Graue Haare - happy aging

Die Pandemie hat uns den Weg geebnet.

Graues Haar ist endlich gesellschaftsfähig und kein offizielles Wundmal mehr. 

Während eines wochenlangen Lockdowns, in dem wir maximal von außen einen flüchtigen Blick in den heißgeliebten Friseursalon unseres Vertrauens werfen konnten, kam das Umdenken (zwangsweise - blieb uns ja nichts anderes übrig).

Zwischen Home Office und einsamen Spaziergängen auf menschenleeren Straßen, wuchs sich unser Haaransatz seiner lange ignorierten, natürlichen Haarfarbe entgegen ... GRAU.

 

Glaubt mir, was habe ich diejenigen unter uns beneidet, die isoliert von fremden Blicken, ungestört morgens ihren Laptop am Küchentisch aufklappen konnten - während ich Tag um Tag, neugierigen Blicken ausgesetzt, mit einen 10 cm breiten Haaransatz in der Apotheke stand?
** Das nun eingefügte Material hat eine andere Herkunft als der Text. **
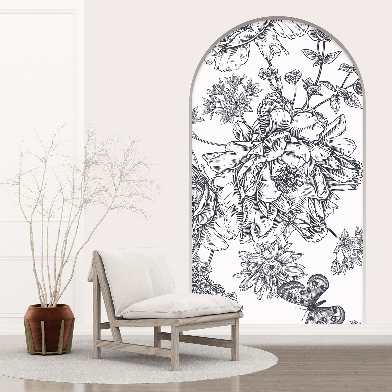 Adesivo Murale - Illusione ottica - Arco - Fiori Farfalla

Da halfen weder Haar-Mascara, noch Farbpigmentspray ... es war schlichtweg die Hölle.

 

So, und jetzt sind wir genau an dem Punkt, an dem ich mich unmöglich zur neu erwachten, alters - und gleichzeitig lebensbejahenden 'Silver-Sister-Community' gesellen kann ... ich habe einen Schaden: nach Monaten des Ausharrens, geduldigsten Wartens kann ich mich nicht mehr sehen! 'Salt and Pepper ' ist keine Haarfarbe für mich - und nun bin ich endlich wieder blond und werde es auch bleiben, solange es geht.

 

Denn sind wir mal ehrlich: keine von uns ist besser oder schlechter als die andere, ob sie sich nun die Haare färbt oder nicht - und bei keiner sagt die Haarfarbe automatisch etwas über die Einstellung zum Altern aus. Jede Frau ist einzigartig und letztendlich entscheidet die Ausstrahlung über die Anziehungskraft eines Menschen und nicht die Haarfarbe. Nicht wahr?